Here is how you get the ids of the sequences that contain the most discriminating subsequence.
首先,我们从您的diff
对象中提取前三个最有区别的序列.其次,我们计算presence
矩阵,该矩阵为每个提取的子序列提供一列,其中包含子序列的序列为1,否则为0.
First we extract the first three most discriminating sequences from your diff
object. Second, we compute the presence
matrix that provides a column for each extracted subsequence with a 1 in regard of the sequences that contain the subsequence and 0 otherwise.

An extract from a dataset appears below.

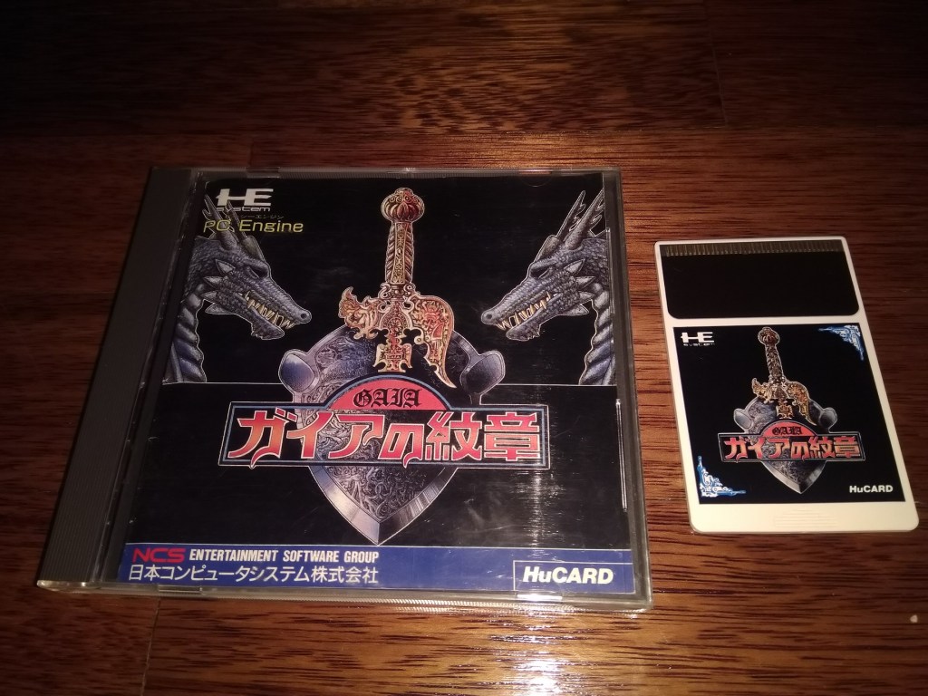 Vamos voltar à PC-Engine com um dos precursores da saga Langrisser, um dos primeiros, senão mesmo o primeiro, strategy rpg japonês. A saga de Elthlead, a tal precursora de Langrisser, começou precisamente com o lançamento de Elthlead numa série de computadores nipónicos em 1987. Ainda nesse ano é também lançado para os mesmos computadores este Gaia no Monshou (Crest of Gaia), que sinceramente nunca entendi muito bem se é uma sequela ou um remake do primeiro jogo. O que é certo é que este jogo acabou por sair também em 1988 na PC-Engine e felizmente acabou por receber também um patch de tradução feito por fãs. O meu exemplar foi comprado algures no ano passado, veio juntamente no bundle da PC-Engine Duo RX e mais uns quantos jogos que comprei a um francês no eBay.

diffseq <- seqefsub(df.seqe, strsubseq = paste(diff$subseq[1:3]))
(presence=seqeapplysub(diffseq, method="presence"))
现在,您将获得第一个子序列的ID,
Now you get the ids for the first subsequence with
custid[presence[,1]==1]
第二个是custid[presence[,2]==1]
等.
同样,您会得到标志
flag[presence[,1]==1]
希望这会有所帮助.
这篇关于TraMineR:如果给出事件子序列,我可以得到完整的序列吗?的文章就介绍到这了,希望我们推荐的答案对大家有所帮助,也希望大家多多支持IT屋!